I've dreamed of writing a novel, of holding a book in my hands that has my name on the cover, some form or children's or young adult fantasy, with strong female leads, and difficult choices to make to save the world. Even so, I didn't know what to write. I needed my pearl, my grand idea. Would I dream of it like some authors do, or be inspired by a song, or something I watched? I looked for ideas and kept myself writing away- essays on my life, motherhood, short stories we tell our children about the fat, fat king, pages and pages of book ideas and themes I'd spend between a day to weeks exploring only to decide they weren't my book. Where was my book hiding?
I have a son who demands stories often- the second we get in the car (why did I sell the portable dvd player?), at walks, and of course bedtime. To keep my demanding son satisfied my husband and I would make up wild characters and tell about their outlandish adventures. Our son would often make us backup-we weren't telling the story the right way-and inform us what should be happening. I suppose you could say he is my first true editor.

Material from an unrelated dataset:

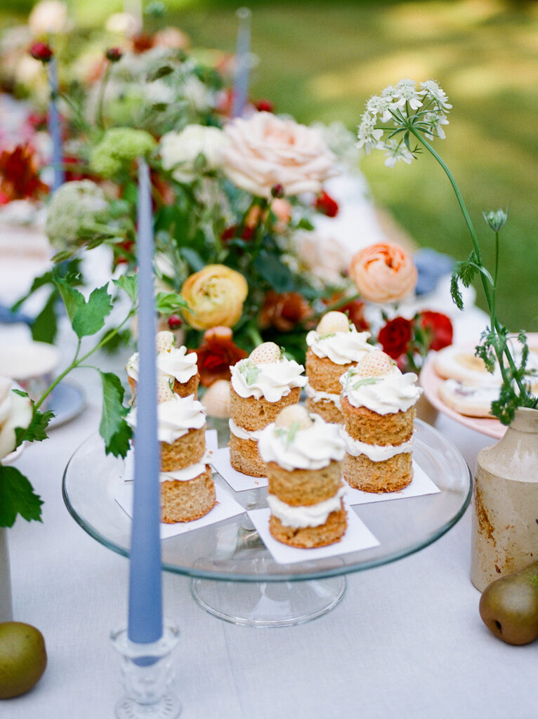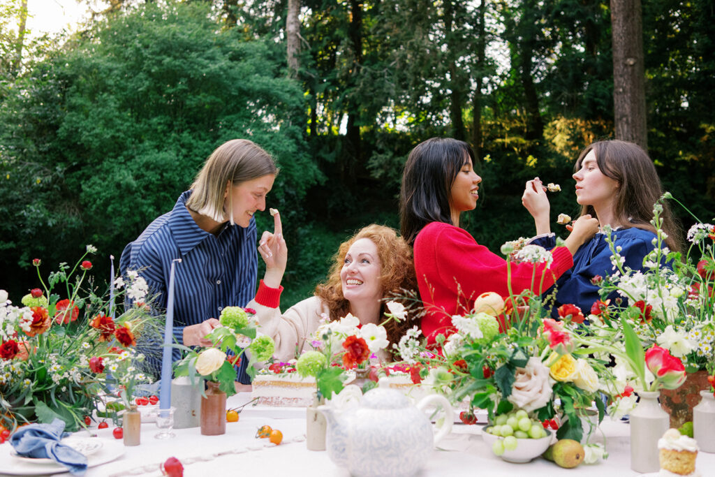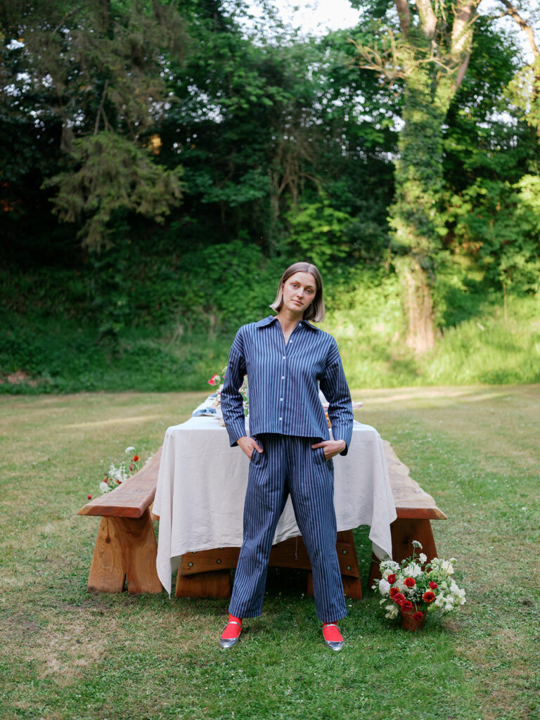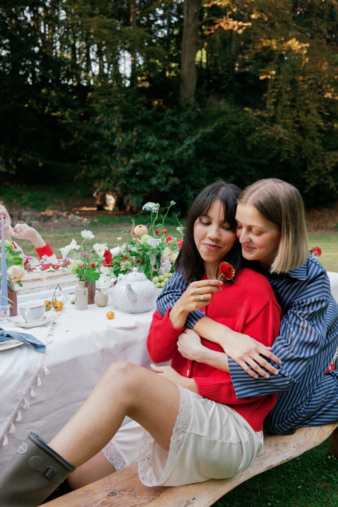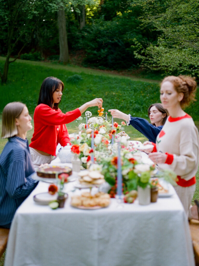 The table was layered with delicate linens, handmade ceramics, and clusters of taper candles to echo the brand’s timeless, relaxed aesthetic. As the afternoon light filtered through the trees, the florals came to life glowing softly against the white cloth, their colours deepening with the fading sun.

Well one night I'd been thinking about my favorite fairytale-beauty and the beast- and I told Israel a story I didn't know I had inside of me. It was a story of a three year old girl and an experience she has on All-Summer's Eve. Israel was mesmerized, he wanted more, and so did I. I wanted to know what would happen to this character, what time she lived in, her family situation, her town and it's laws, well, just everything. So I began writing page after page, throwing out some, embracing others, and feeling the story, her story, come to life. A good friend told me of her own journey into writing a novel and so we began a pact, a plan to write and support each other on our journeys to first completed and published novels.